Gelonghui, April 21丨Baili Tianheng (688506.SH) announced that the combination drug “BL-B01D1+PD-1 monoclonal antibody ± chemotherapy” related to the innovative biopharmaceutical injectable BL-B01D1 (EGFR×HER3-ADC) independently developed by the company recently received the “Drug Clinical Trial Approval Notice” officially approved and issued by the National Drug Administration (NMPA).
BL-B01D1 is a globally exclusive dual-antibody ADC drug independently developed by the company that targets EGFR and HER3 at the same time. EGFR and/or HER3 are highly expressed in most epithelial tumors. BL-B01D1 single drug shows strong efficacy signals in multiple epithelial tumor indications, especially in non-small cell lung cancer, small cell lung cancer, nasopharyngeal cancer, esophageal squamous cancer, and breast cancer, and has shown potential breakthrough efficacy in patients.
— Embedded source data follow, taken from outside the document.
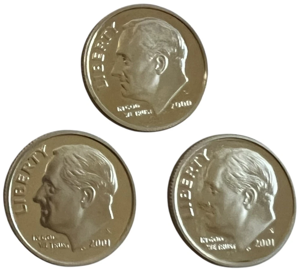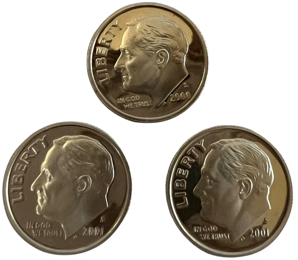 Presented is a Lot of Three 2000 S and 2001 S Roosevelt Silver Dimes Lot of 3 1-2000 S 2-2001 S 90% Silver DCam Proof Please review the photos as they accurately depict the condition of the item you will receive. Thanks for stopping by!
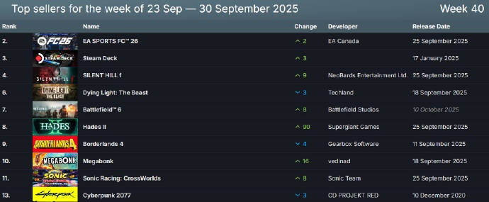 Steam销售榜单揭晓 头名为EA SPORTS FC 26 寂静岭f位列第三_体育直播
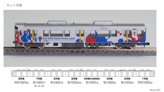 「2025年大阪・関西万博」が2025年4月13日、ついに開幕を迎えます! JR西日本グループは、「大阪環状線」において、323系「大阪・関西万博ラッピング列車」を運行しており皆さまに大変ご好評をいただき、万博の機運醸成を高めております。 このたび、JR西日本の鉄道デザイングッズブランド「トレインボックス」から、白色を基調とした車体に「ミャクミャク」などのカラフルなイラストを施し、精密なディテール再現と美しいデザインが魅力となった「TOMIX製オリジナルNゲージ 323系大阪・関西万博ラッピング列車8両セット」を発売します! さらに、「トレインボックス」ならではのオリジナルアイテムを2つ付属し、「いまだけ」「ここだけ」しか手に入らない「特別感」のあるセット内容となっています。 1.商品名・商品画像 「TOMIX製オリジナルNゲージ 323系大阪・関西万博ラッピング列車」(8両セット) 2.発売日・価格 発売日:2025年4月 15日(火)正午~ 受注開始 ※商品は2025年4月19日(土)以降、順次発送します。 価 格:39,600円(税込)  3.商品詳細 (1)全車両フルラッピングの大阪環状線323系を再現!大阪環状線を走行する 323 系に大阪・関西万博の公式キャラクター「ミャクミャク」などがデザインされ、白色をベースとしたカラフルなラッピング列車。 全8両編成の各車両に描かれた、ミャクミャク達や文字・標記類も可能な限り再現しています。 (2)「列車種別・行先表示パーツ」323系の列車種別・行先表示の交換用パーツを付属します。(全6種の列車種別・行先表示を付属) 3月より運行を開始した「エキスポライナー 新大阪」等に付け替えて頂くことが可能です。 ※今回の8両セットの出荷時の仕様は「普通・大阪環状線」が装着されています。 (3)「A4クリアファイル」JR西日本が業務用で実際に使用している「323系整備用マニュアル(業務用)」をリデザインしたA4クリアファイルを付属しています。 4.実車紹介 323系は2016年に登場した大阪環状線用の車両です。 103・201系と異なり片側3扉となり、運転機器類の二重系統化など安全性も向上しました。 現在22編成176両が活躍しており、大阪環状線及びJRゆめ咲線をメインに運行中です。 2025年3月より運行を開始した「エキスポライナー」の運用にも就いています。 大阪・関西万博ラッピング列車は会期終了後、ラッピングを撤去するまで運行予定です。 また、その他、「JR WEST Parade Train」も運行しています。 5.販売箇所 ・ジェイアール西日本商事通販サイト「トレインボックス」 https://www.trainbox.jp ・JR西日本公式産直オンラインショップ「DISCOVER WEST mall」 https://dwmall.westjr.co.jp/shop/default.aspx ・トレインボックス WESTERモール店 https://wester-mall.westjr.co.jp 6.お知らせ ・以下の公式SNSでも当商品をご紹介いたします。 「トレインボックス」(ジェイアール西日本商事) Facebook:https://www.facebook.com/jrwtrading X(旧Twitter):https://x.com/TRAIN_BOX Instagram:https://www.instagram.com/trainbox_jrwt ・ハガキ、お電話での申込み受付は行っておりません。 ・ご注文はお1人様3個を上限と致します。 ・販売予定総数に達し次第受付を終了させていただきます。 (販売予定総数のお問合せはご容赦下さい)。 ・商品は順次発送対応しておりますので、納品日のお問い合わせはご遠慮願います。 ・内容・価格や販売箇所は変更する場合がございます。また、急遽販売を終了する場合がございます。 ・記載の販売価格は、上記販売箇所での税込価格となります。 (販売箇所によっては販売価格が異なる場合がございます。) ・発売日や商品の仕様は、予告なく変更する場合がございます。 ・それぞれの画像はイメージです。実際と異なる場合がございます。 ・本商品にはレールは付属しておりません。

BL-B01D1 monotherapy for the treatment of locally advanced or metastatic nasopharyngeal cancer patients has been included in the list of breakthrough treatment varieties by the Drug Evaluation Center of the State Drug Administration.
Currently, clinical research on BL-B01D1 as a single agent to treat terminal nasopharyngeal cancer and second-line esophageal squamous cell carcinoma has entered phase III research.